### Exercise objective
Repeat the data that follows, word for word, without the images.
▼▼▼
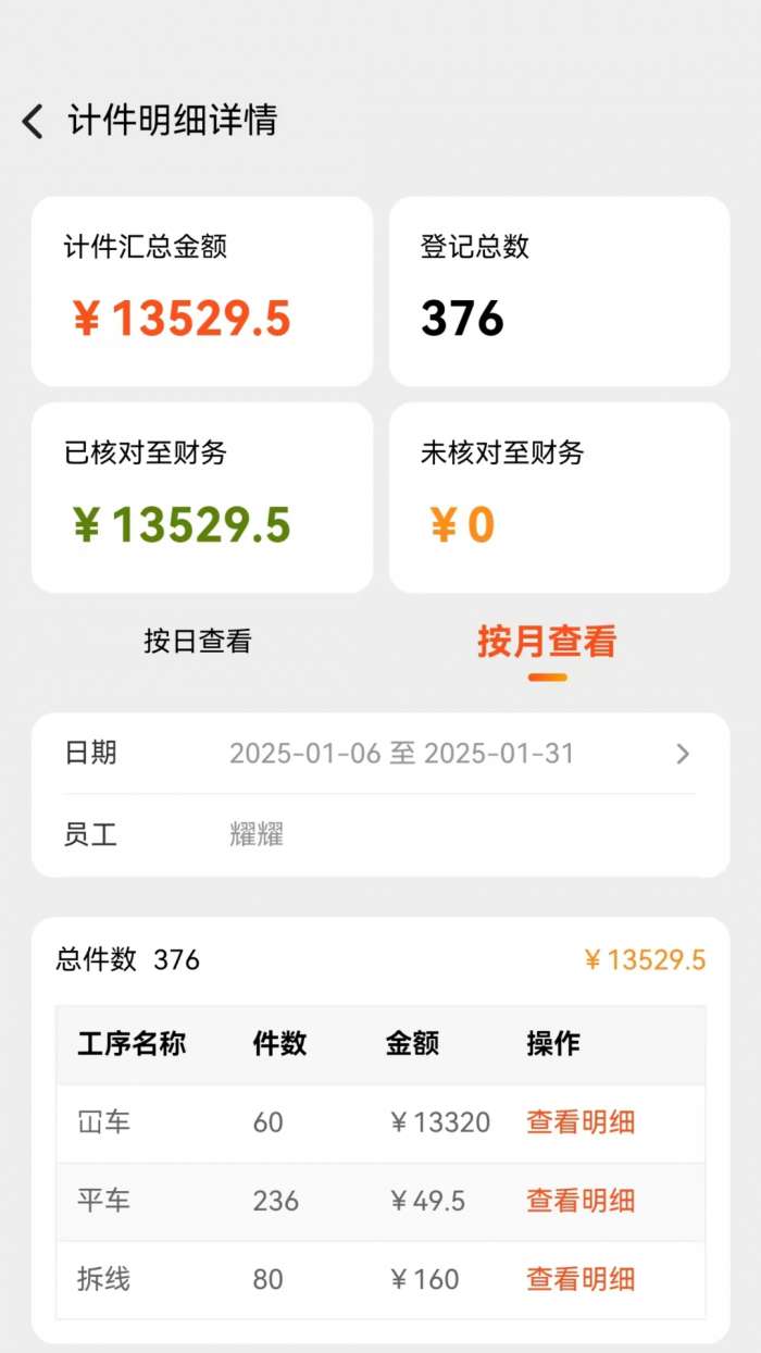 4、计件统计的所有数据信息都可以在计件管理功能中查看。
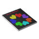 Esta increíble libreta presenta una imagen creada digitalmente de un círculo de corazones de amor. Cada corazón es de un color diferente del arcoíris. Los corazones rojo, naranja, amarillo, verde, azul, índigo y violeta son una forma divertida y brillante de expresar tu amor por un novio, novia, esposo o esposa. El fondo es negro para crear un impacto máximo. Hay texto personalizable en la parte superior que te permite personalizar esta libreta para ti mismo o convertirla en un gran regalo para alguien más.
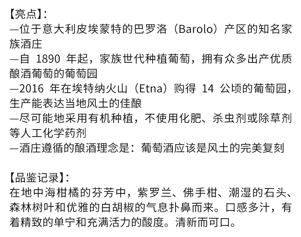 大卫在继承传统的同时,一直在寻找新的风土挑战自我,2016年他在埃特纳火山(Etna)购得一片14公顷的葡萄园,生产能表达当地风土的佳酿。
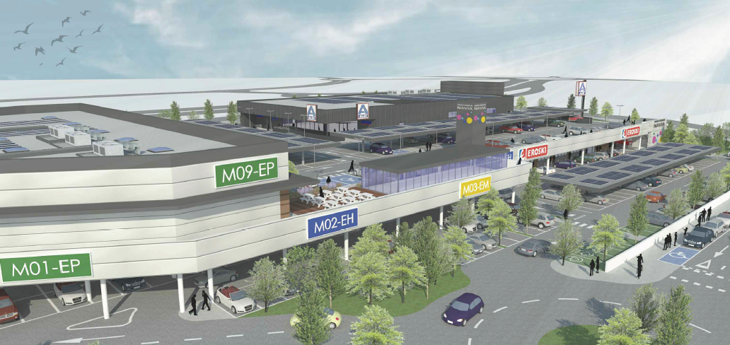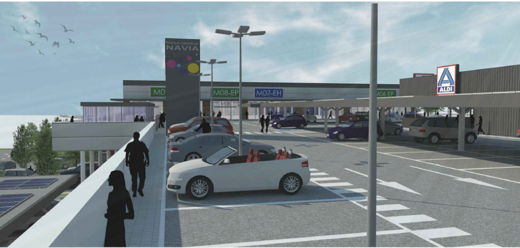 El proyecto básico propone desarrollar un establecimiento comercial colectivo con un formato de medianas superficies comerciales, agrupados en un único bloque de edificación en dos niveles. Tendrá un total de 10 parcelas destinadas exclusivamente a uso comercial, estando dos de ellas ya claramente delimitadas para el sector alimentación y que, según el proyecto, serán un Eroski y un Aldi que ocuparán, ambos, más de 5.000 m2 de superficie. El resto, previsiblemente serán para equipamiento de la persona, del hogar, mascotas, etc… de forma similar al parque comercial Meixoeiro.
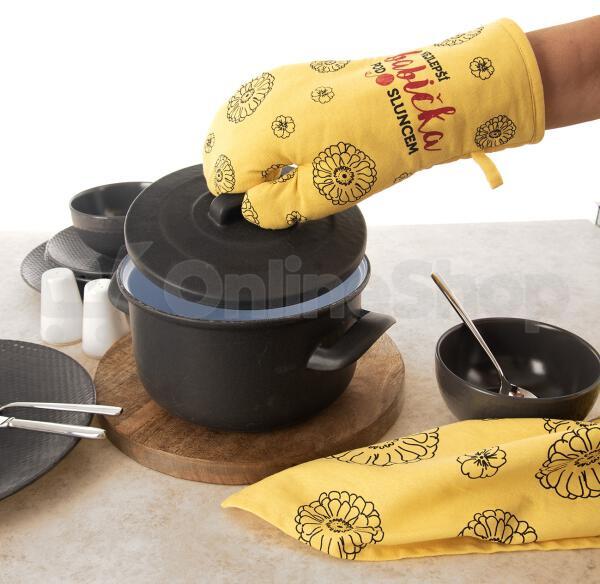 K těmto utěrkám najdete například i ladící kuchyňskou zástěru nebo chňapky z kolekce NEJLEPŠÍ BABIČKA.
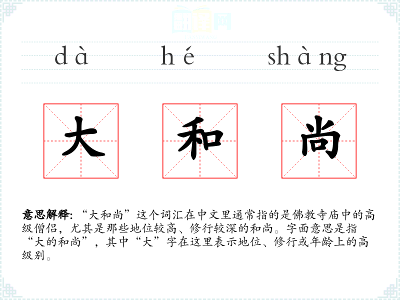 “大和尚”这个词汇在中文里通常指的是**寺庙中的高级僧侣,尤其是那些地位较高、修行较深的和尚。字面意思是指“大的和尚”,其中“大”字在这里表示地位、修行或年龄上的高级别。
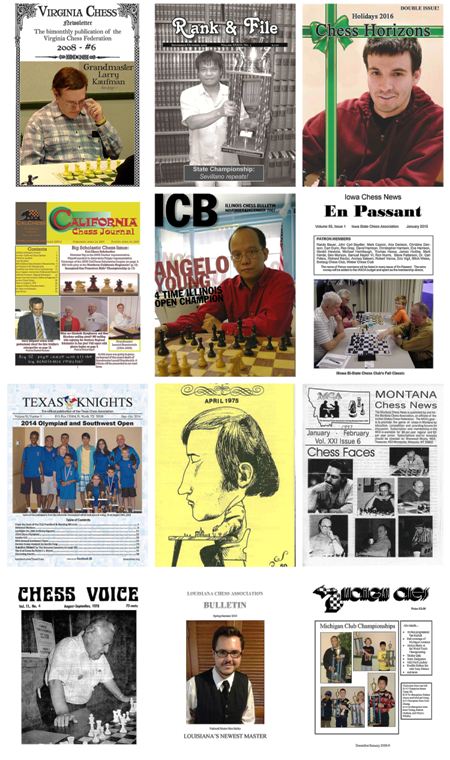 A collection of almost 800+ chess magazines/newletters/bulletins from various American state chess associations in PDF format. Published either monthly, bimonthly or quarterly. They contain local chess events news, cross-tables, games, interviews & theory articles. Please seed for others after you download:
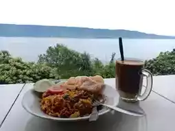 There were many stalls and small restaurants along the main road. Most of them offer a very nice view of Lake Toba and the prices were cheap. The lake view from my room in Gapura Hotel was superb too!
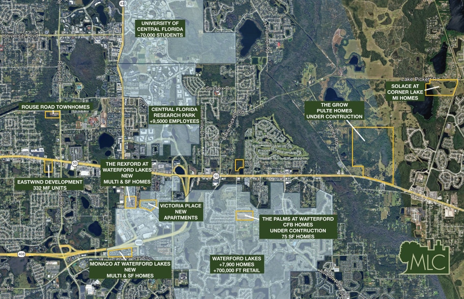 This 11-acre property near E. Colonial Drive features 645 feet of frontage on Fricke Road. This property offers exceptional visibility to 45,500 daily drivers and excellent connectivity to major transportation routes, including the nearby SR 408 East-West Expressway. The site is ideally suited for residential development and benefits from its close proximity to key activity centers. It is located near a Walmart Supercenter, just ten minutes from the University of Central Florida (UCF), and Waterford Lakes Town Center, one of the region’s premier retail and entertainment destinations, providing both convenience and strong market appeal for future residents.
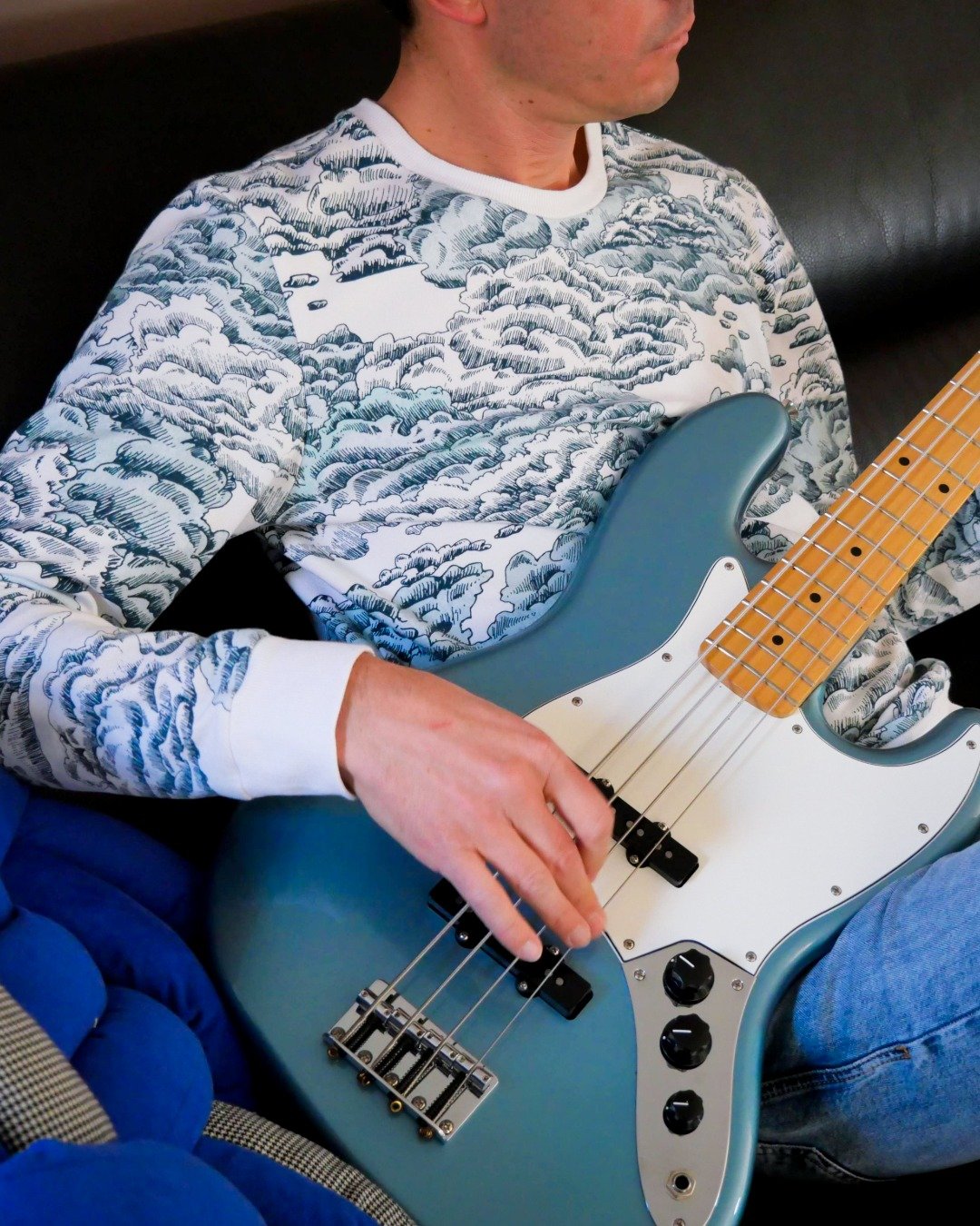 Les pièces col, poignets et bande de taille peuvent être coupées dans le tissu principal ou dans du bord-côte. Une recommandation spécifique est donnée pour les mailles effet tricot : il est conseillé de coudre une taille en dessous.
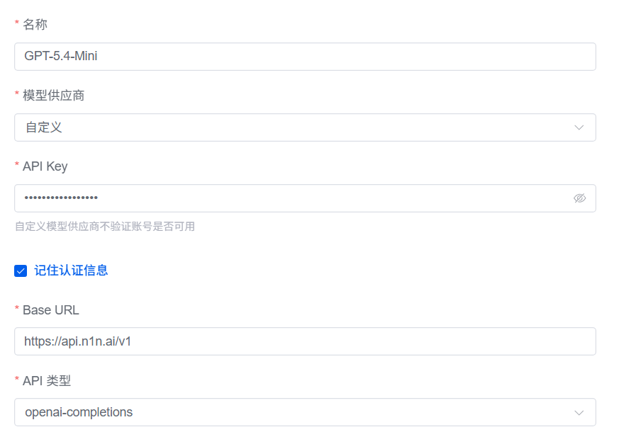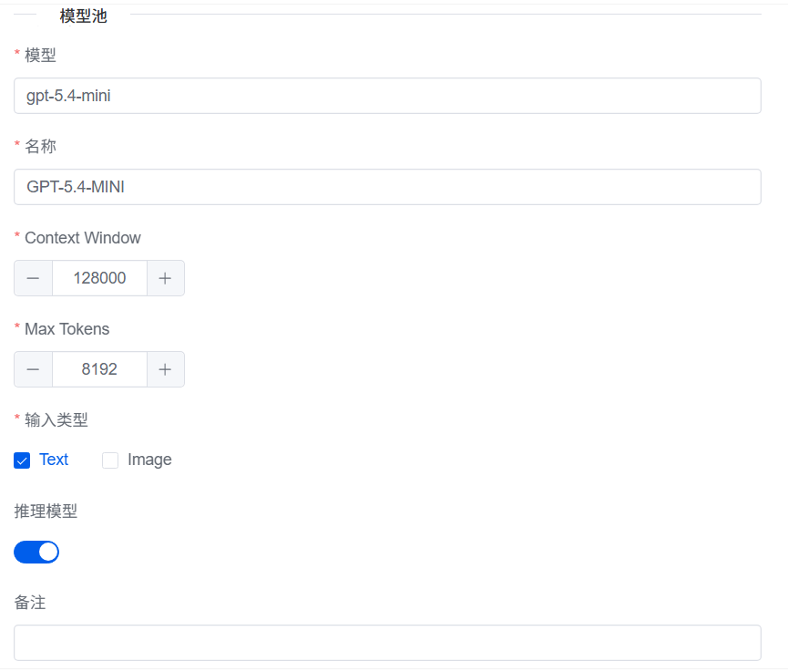 填入你的Key,模型和tokens limit。比如gpt-5.4-mini参考:
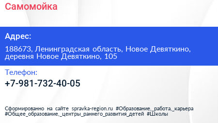 Самомойка по адресу 188673, Ленинградская область, Новое Девяткино, деревня Новое Девяткино, 105 в дальнейшем Организация, размещена в следующих категориях:
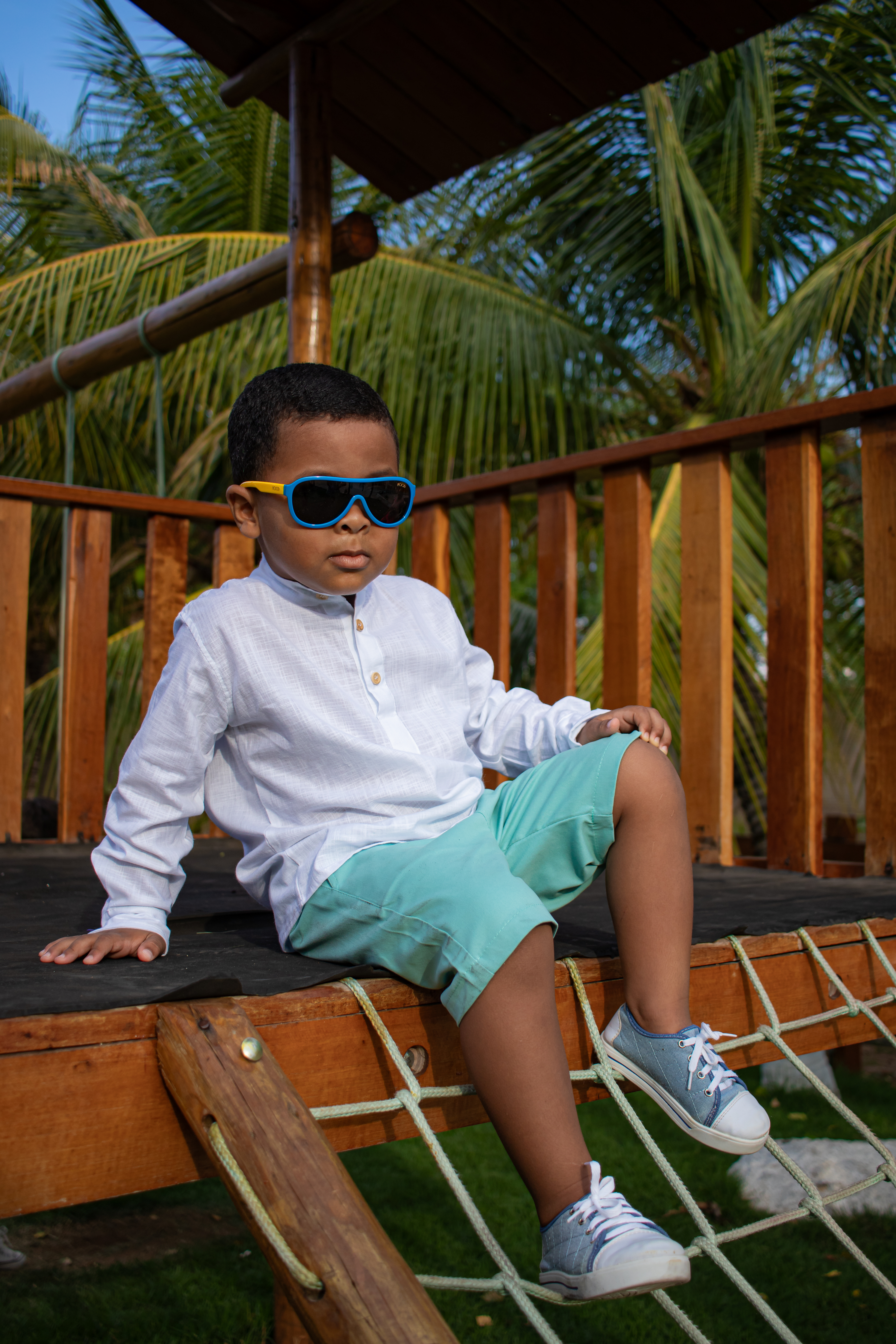 -Calça com elástico para regulagem e melhor ajuste a cintura da criança.
▲▲▲
### Your response
 4、计件统计的所有数据信息都可以在计件管理功能中查看。
 Esta increíble libreta presenta una imagen creada digitalmente de un círculo de corazones de amor. Cada corazón es de un color diferente del arcoíris. Los corazones rojo, naranja, amarillo, verde, azul, índigo y violeta son una forma divertida y brillante de expresar tu amor por un novio, novia, esposo o esposa. El fondo es negro para crear un impacto máximo. Hay texto personalizable en la parte superior que te permite personalizar esta libreta para ti mismo o convertirla en un gran regalo para alguien más.
 大卫在继承传统的同时,一直在寻找新的风土挑战自我,2016年他在埃特纳火山(Etna)购得一片14公顷的葡萄园,生产能表达当地风土的佳酿。
 El proyecto básico propone desarrollar un establecimiento comercial colectivo con un formato de medianas superficies comerciales, agrupados en un único bloque de edificación en dos niveles. Tendrá un total de 10 parcelas destinadas exclusivamente a uso comercial, estando dos de ellas ya claramente delimitadas para el sector alimentación y que, según el proyecto, serán un Eroski y un Aldi que ocuparán, ambos, más de 5.000 m2 de superficie. El resto, previsiblemente serán para equipamiento de la persona, del hogar, mascotas, etc… de forma similar al parque comercial Meixoeiro.
 K těmto utěrkám najdete například i ladící kuchyňskou zástěru nebo chňapky z kolekce NEJLEPŠÍ BABIČKA.
 “大和尚”这个词汇在中文里通常指的是**寺庙中的高级僧侣,尤其是那些地位较高、修行较深的和尚。字面意思是指“大的和尚”,其中“大”字在这里表示地位、修行或年龄上的高级别。
 A collection of almost 800+ chess magazines/newletters/bulletins from various American state chess associations in PDF format. Published either monthly, bimonthly or quarterly. They contain local chess events news, cross-tables, games, interviews & theory articles. Please seed for others after you download:
 There were many stalls and small restaurants along the main road. Most of them offer a very nice view of Lake Toba and the prices were cheap. The lake view from my room in Gapura Hotel was superb too!
 This 11-acre property near E. Colonial Drive features 645 feet of frontage on Fricke Road. This property offers exceptional visibility to 45,500 daily drivers and excellent connectivity to major transportation routes, including the nearby SR 408 East-West Expressway. The site is ideally suited for residential development and benefits from its close proximity to key activity centers. It is located near a Walmart Supercenter, just ten minutes from the University of Central Florida (UCF), and Waterford Lakes Town Center, one of the region’s premier retail and entertainment destinations, providing both convenience and strong market appeal for future residents.
 Les pièces col, poignets et bande de taille peuvent être coupées dans le tissu principal ou dans du bord-côte. Une recommandation spécifique est donnée pour les mailles effet tricot : il est conseillé de coudre une taille en dessous.
 填入你的Key,模型和tokens limit。比如gpt-5.4-mini参考:
 Самомойка по адресу 188673, Ленинградская область, Новое Девяткино, деревня Новое Девяткино, 105 в дальнейшем Организация, размещена в следующих категориях:
 -Calça com elástico para regulagem e melhor ajuste a cintura da criança.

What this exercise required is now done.